The Allies lost the battle largely because of confused communications and miscalculations at headquarters. Had he taken the initiative, Freyberg had the resources at hand to defeat the Germans during the first few days of the battle. However, he refused to commit his reserves in the Canea-Suda sector to keep Maleme airfield out of German hands. Throughout the battle, Freyberg remained fixated on the idea that the Germans planned a simultaneous beach assault, and he withheld key reinforcements from the main battle. Still, the Allied forces fought heroically, and Freyberg’s ability to conduct a fighting retreat enabled the Royal Navy to extract more than 16,000 soldiers—nearly two divisions’ worth of infantry.

For Student, the triumph at Crete was bittersweet. Not only had he seen his beloved 7th Parachute Division mauled by the enemy, but the days of large-scale German parachute drops were over. On July 19, Hitler summoned Student and other senior parachute commanders to his headquarters.
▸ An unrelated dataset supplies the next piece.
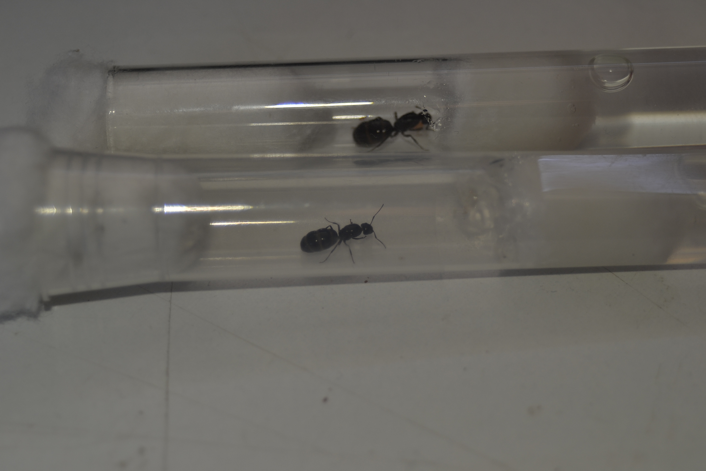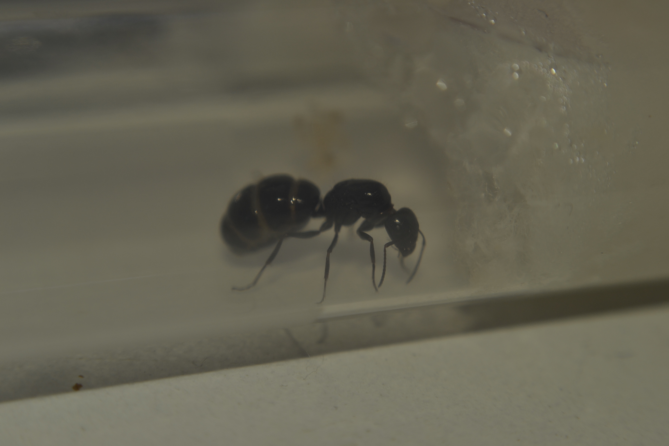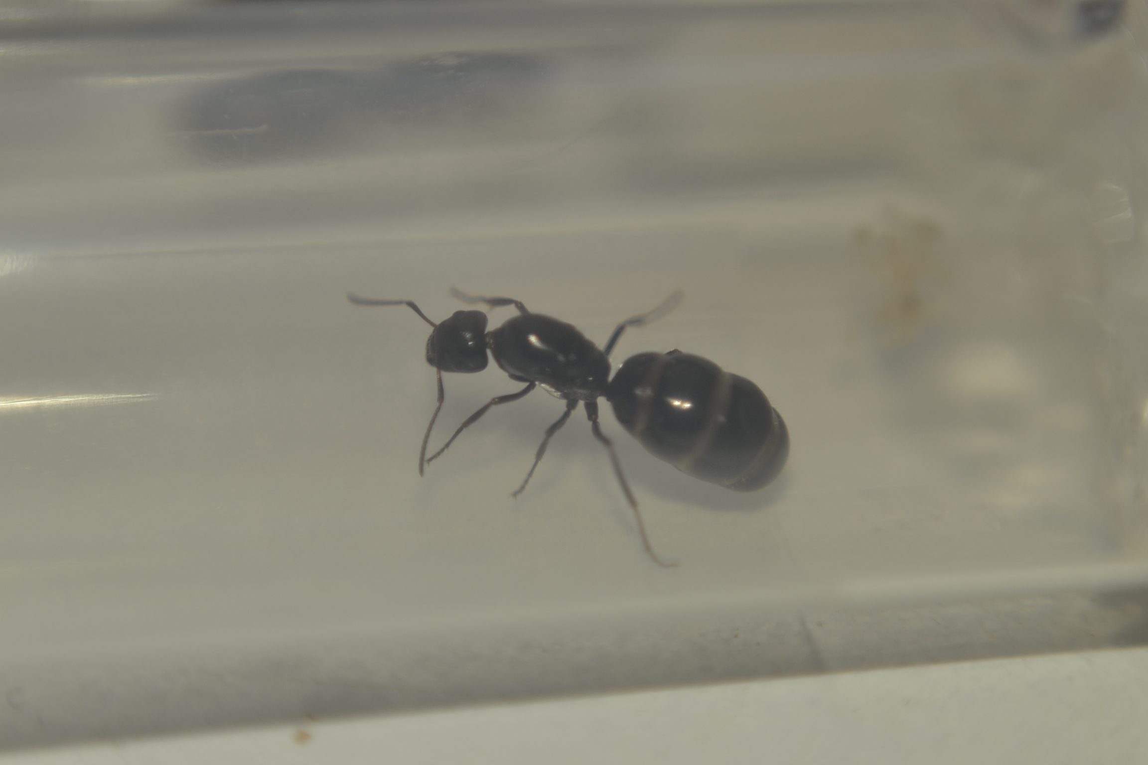Une photo comparative des tailles entre cette petite gyne et une Camponotus identifiée comme aethiops par les collègues.
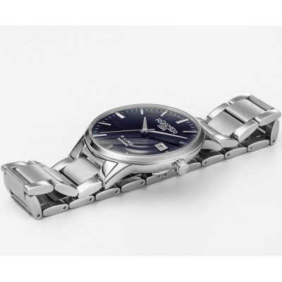 This Roamer watch has a case made of stainless steel with a diameter of 43 mm and is fitted with a stainless steel band. Inside the case lies a Ronda movement and the watch features a Sapphire crystal.

After congratulating each of them and presenting them with the Knight’s Cross, the Führer took time to confer separately with Student. He stunned the architect of the German parachute troops by telling him that, from then on, paratroopers would play a less active airborne role in the war. “Of course you know, General, we shall never do another airborne operation,” Hitler said. “Crete proved that the days of the parachute troops are over.” Three years later, in Normandy, the Allies would prove him wrong.